Centromeric integrity is key for proper chromosome segregation during cell division¹. Centromeres have unique chromatin features that are essential for centromere maintenance². Although they are intrinsically fragile and represent hotspots for chromosomal rearrangements³, little is known about how centromere integrity in response to DNA damage is preserved. DNA repair by homologous recombination requires the presence of the sister chromatid and is suppressed in the G1 phase of the cell cycle⁴. Here we demonstrate that DNA breaks that occur at centromeres in G1 recruit the homologous recombination machinery, despite the absence of a sister chromatid. Mechanistically, we show that the centromere-specific histone H3 variant CENP-A and its chaperone HJURP, together with dimethylation of lysine 4 in histone 3 (H3K4me2), enable a succession of events leading to the licensing of homologous recombination in G1. H3K4me2 promotes DNA-end resection by allowing DNA damage-induced centromeric transcription and increased formation of DNA–RNA hybrids. CENP-A and HJURP interact with the deubiquitinase USP11, enabling formation of the RAD51–BRCA1–BRCA2 complex⁵ and rendering the centromeres accessible to RAD51 recruitment and homologous recombination in G1. Finally, we show that inhibition of homologous recombination in G1 leads to centromeric instability and chromosomal translocations. Our results support a model in which licensing of homologous recombination at centromeric breaks occurs throughout the cell cycle to prevent the activation of mutagenic DNA repair pathways and preserve centromeric integrity.

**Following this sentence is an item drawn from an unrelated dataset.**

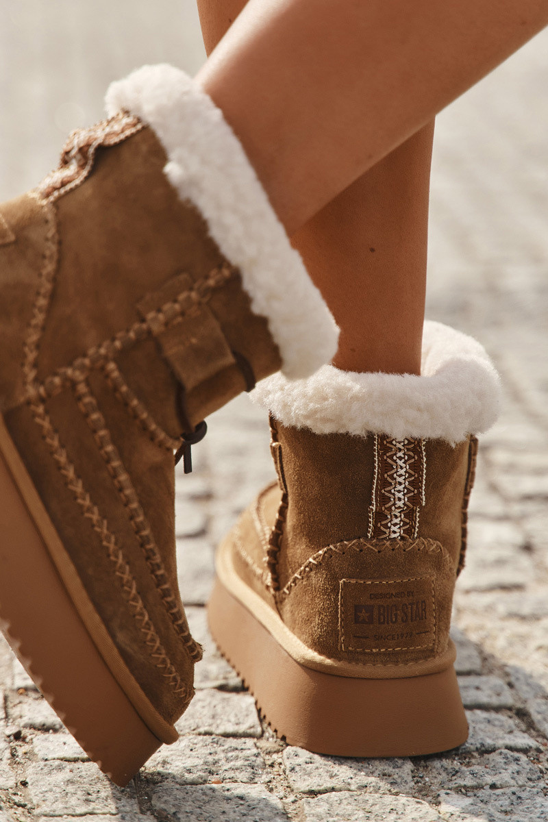Wildledersnowboots für Damen mit schönen Nähten, Big Star SS274373, braun

着丝粒完整性是细胞分裂期间染色体正确分离的关键¹。着丝粒具有独特的染色质特征，这对着丝粒的维持至关重要²。尽管它们本质上是脆弱的并且代表了染色体重排的热点³，但对于如何保留响应 DNA 损伤的着丝粒完整性知之甚少。^{通过同源重组进行的 DNA 修复需要姐妹染色单体的存在，并且在细胞周期4}的 G1 期受到抑制. 在这里，我们证明尽管没有姐妹染色单体，但 G1 期着丝粒处发生的 DNA 断裂会募集同源重组机制。从机制上讲，我们表明着丝粒特异性组蛋白 H3 变体 CENP-A 及其伴侣 HJURP，以及组蛋白 3 (H3K4me2) 中赖氨酸 4 的二甲基化，使一系列事件能够导致 G1 中同源重组的许可。H3K4me2 通过允许 DNA 损伤诱导的着丝粒转录和增加 DNA-RNA 杂合体的形成来促进 DNA 末端切除。CENP-A 和 HJURP 与去泛素化酶 USP11 相互作用，从而形成 RAD51–BRCA1–BRCA2 复合物⁵并使着丝粒易于在 G1 期进行 RAD51 募集和同源重组。最后，我们表明抑制 G1 期同源重组会导致着丝粒不稳定和染色体易位。我们的结果支持一个模型，在该模型中，在整个细胞周期中发生着丝粒断裂处的同源重组许可，以防止诱变 DNA 修复途径的激活并保持着丝粒完整性。